» **Exercise directions**
Nothing but the lines from the first line of the material below through the line that holds "(x) Bank of" should be set down, exactly and with pictures left out.

» **Information supplied**
───

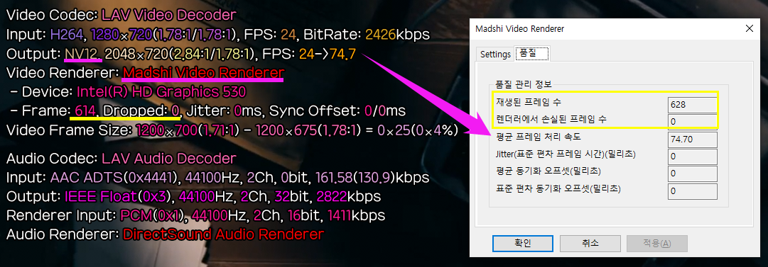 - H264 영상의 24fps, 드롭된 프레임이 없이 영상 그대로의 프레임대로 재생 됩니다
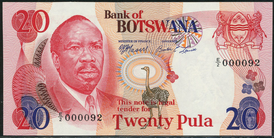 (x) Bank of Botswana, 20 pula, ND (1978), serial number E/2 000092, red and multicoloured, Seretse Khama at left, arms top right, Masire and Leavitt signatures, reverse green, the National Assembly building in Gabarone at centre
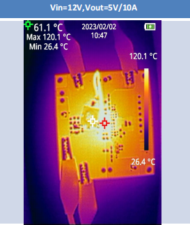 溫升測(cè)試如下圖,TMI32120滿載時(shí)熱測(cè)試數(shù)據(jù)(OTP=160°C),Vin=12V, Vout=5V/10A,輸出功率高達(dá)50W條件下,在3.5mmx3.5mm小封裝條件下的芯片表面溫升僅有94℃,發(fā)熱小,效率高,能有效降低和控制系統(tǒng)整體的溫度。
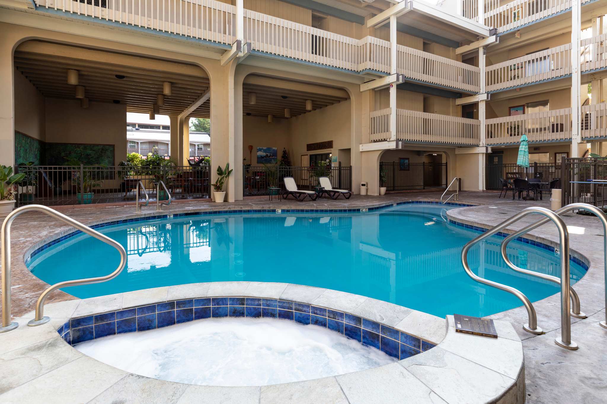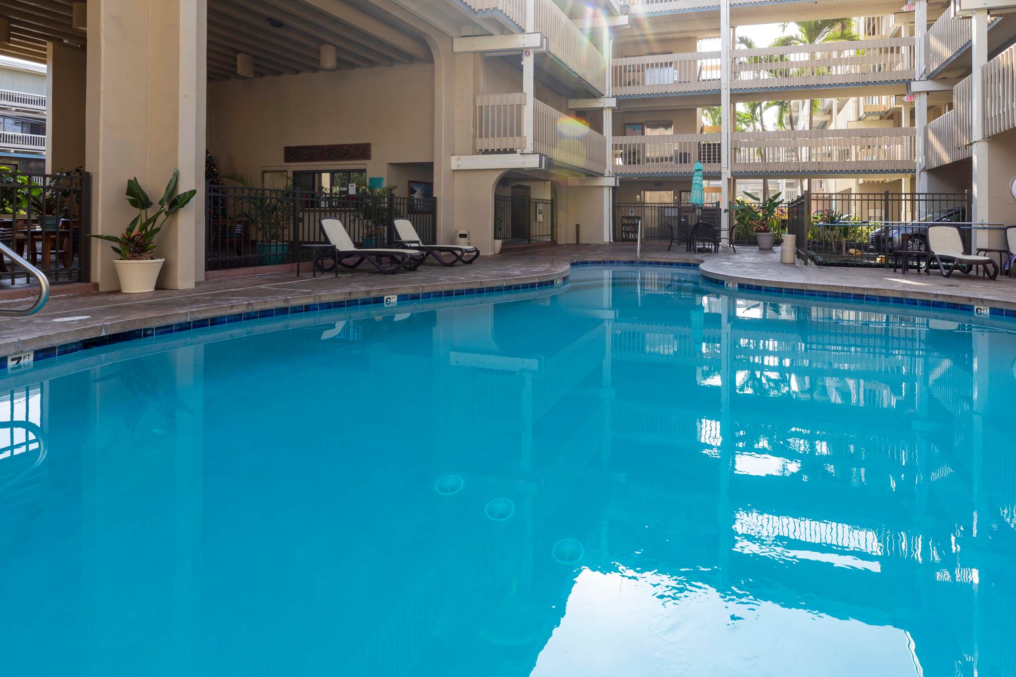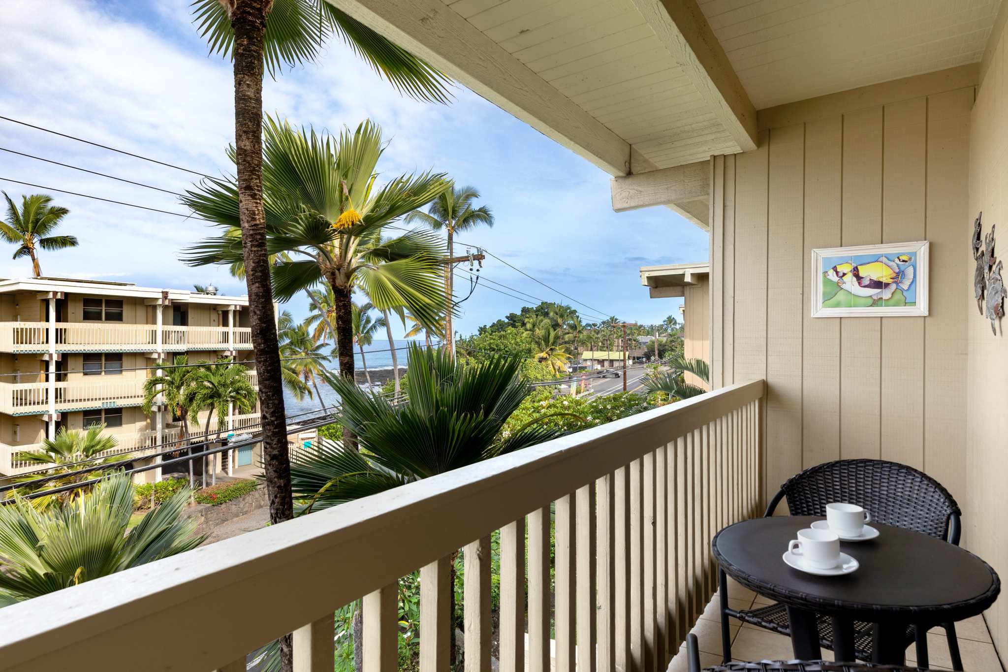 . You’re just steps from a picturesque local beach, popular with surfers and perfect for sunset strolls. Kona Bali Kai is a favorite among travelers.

───

» **Response**
 - H264 영상의 24fps, 드롭된 프레임이 없이 영상 그대로의 프레임대로 재생 됩니다
 (x) Bank of Botswana, 20 pula, ND (1978), serial number E/2 000092, red and multicoloured, Seretse Khama at left, arms top right, Masire and Leavitt signatures, reverse green, the National Assembly building in Gabarone at centre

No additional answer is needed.